▶ _Prompt_: Only the lines from the one containing "12月の営業日は、下記の通りです。" through the last line of the material should be copied, exactly as written and without pictures.
** Given information follows **
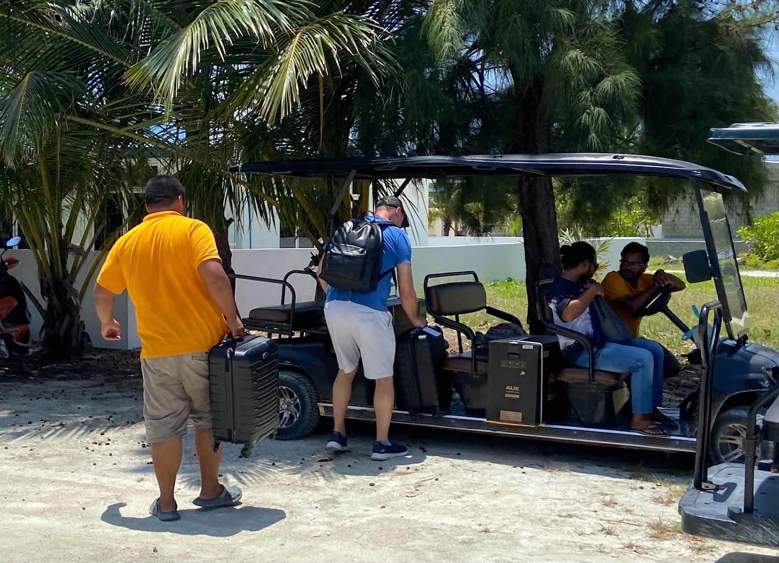 There are no vehicles on Huraa, as is the case with most islands in the Maldives, apart from Male and Hulhumale. Transportation is by golf cart. The guy in the orange shirt is Rafael, who works for the hotel where we are staying. He grew up in Montreal! What a small world.
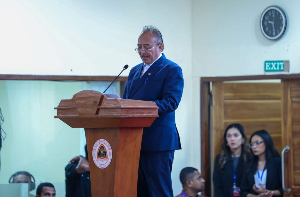 Visi Primeiru Ministru, Ministru Koordenadór Asuntus Ekonomikus no Ministru Turizmu no Ambiente, Francisco Kalbuadi Lay deklara iha diskursu abertura sesaun daruak Konferensia APCC iha CCD Díli, Sabadu nee (28/06/2025).
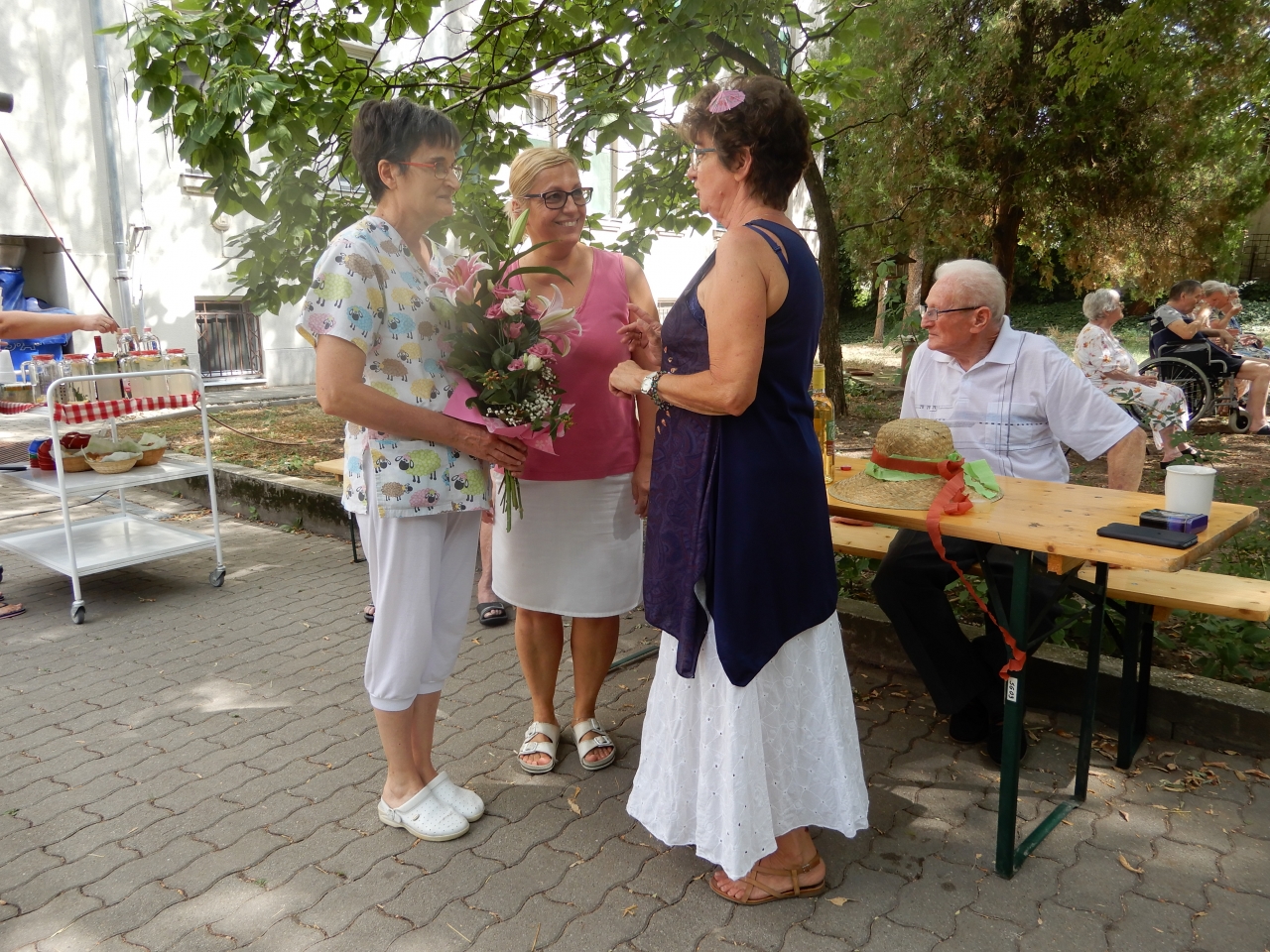 Ez a nap azért is különleges volt, mert Fóti Emőke, a mentálhigiénés csoport vezetője augusztus közepétől nyugdíjas lesz. Már a Nagyboldogasszony napján tartott ünnepi misén is hálát adtuk az Ő sokéves odaadó munkájáért, de a köszöntés, a búcsúzást itt is folytatódott. Munkatársainktól kedves ajándékokat, csokrokat kapott Emőke. Szerencsére támogatására, segítő jelenétére a továbbiakban is számíthatunk.
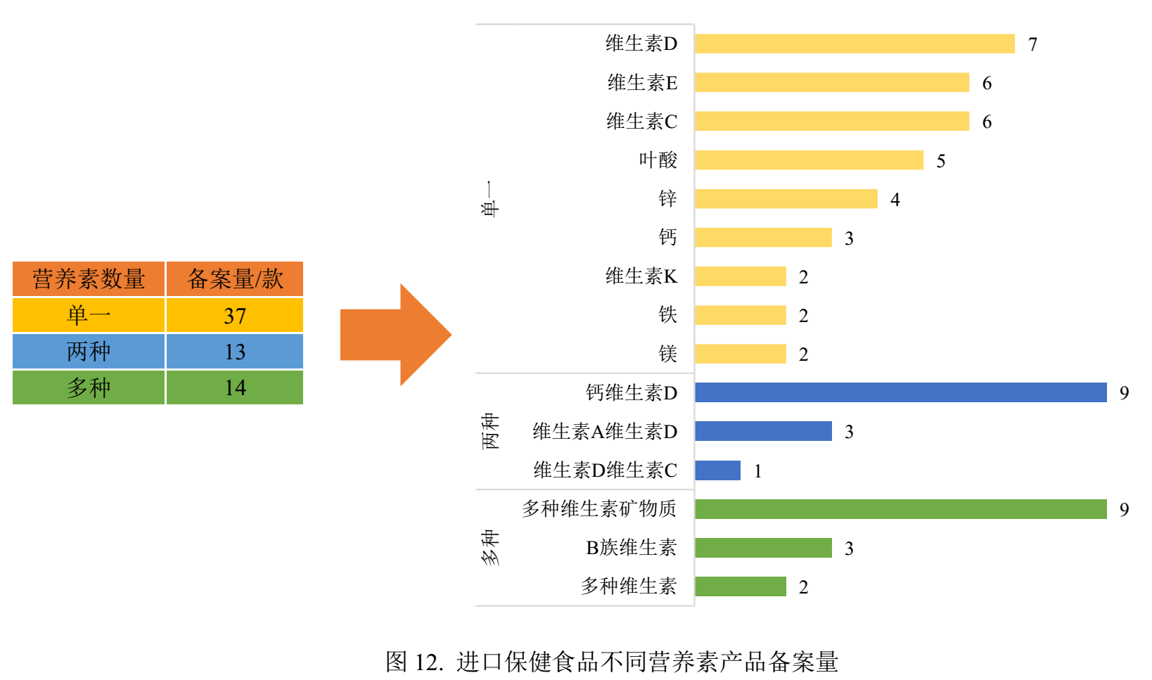 已備案進口保健食品中補充多種維生素礦物質的產品、補充鈣和維生素D的產品和補充維生素D的產品為三大主流產品,備案量分別為9款、9款和7款。
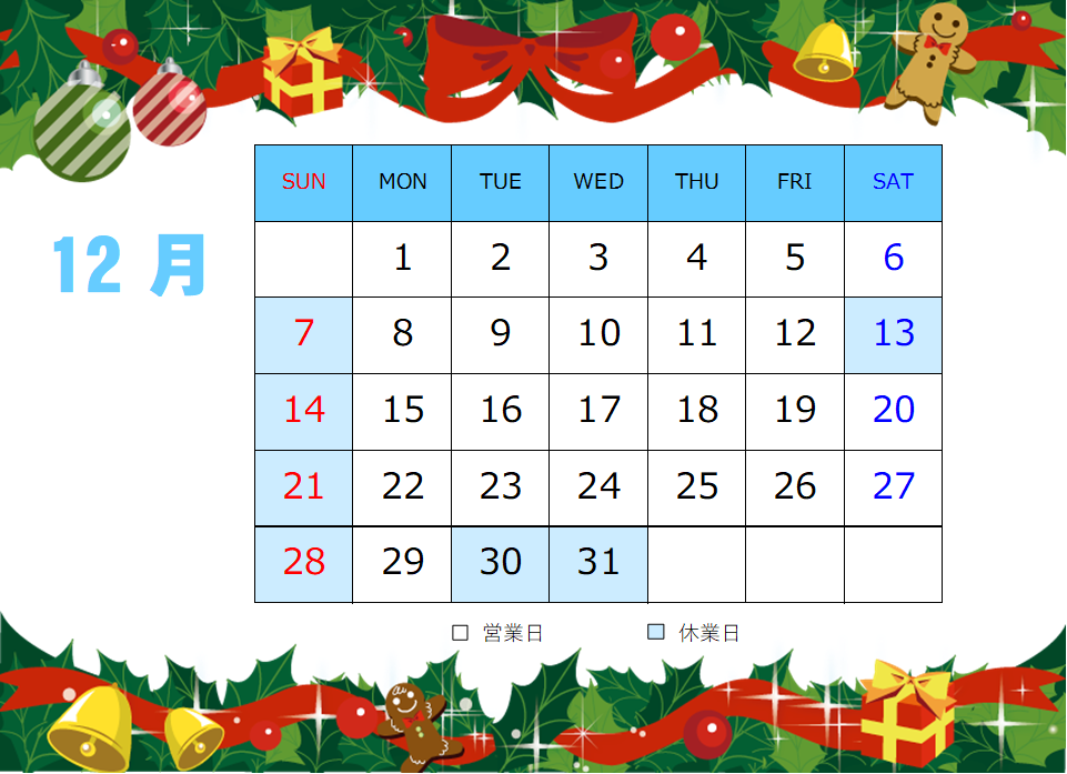 12月の営業日は、下記の通りです。
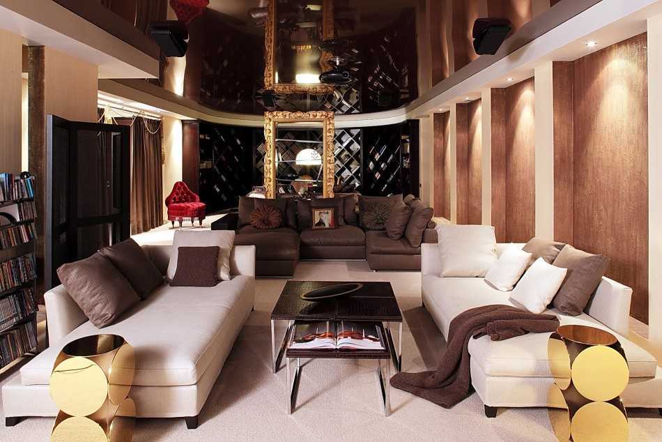 В гостиной стоит установить несколько ламп около дивана, журнального столика и вблизи полок с книгами. Только так вы сможете получить гармоничное и правильное освещение всего дома.
** End of Given information **
▶ _Response below_:
 12月の営業日は、下記の通りです。
 В гостиной стоит установить несколько ламп около дивана, журнального столика и вблизи полок с книгами. Только так вы сможете получить гармоничное и правильное освещение всего дома.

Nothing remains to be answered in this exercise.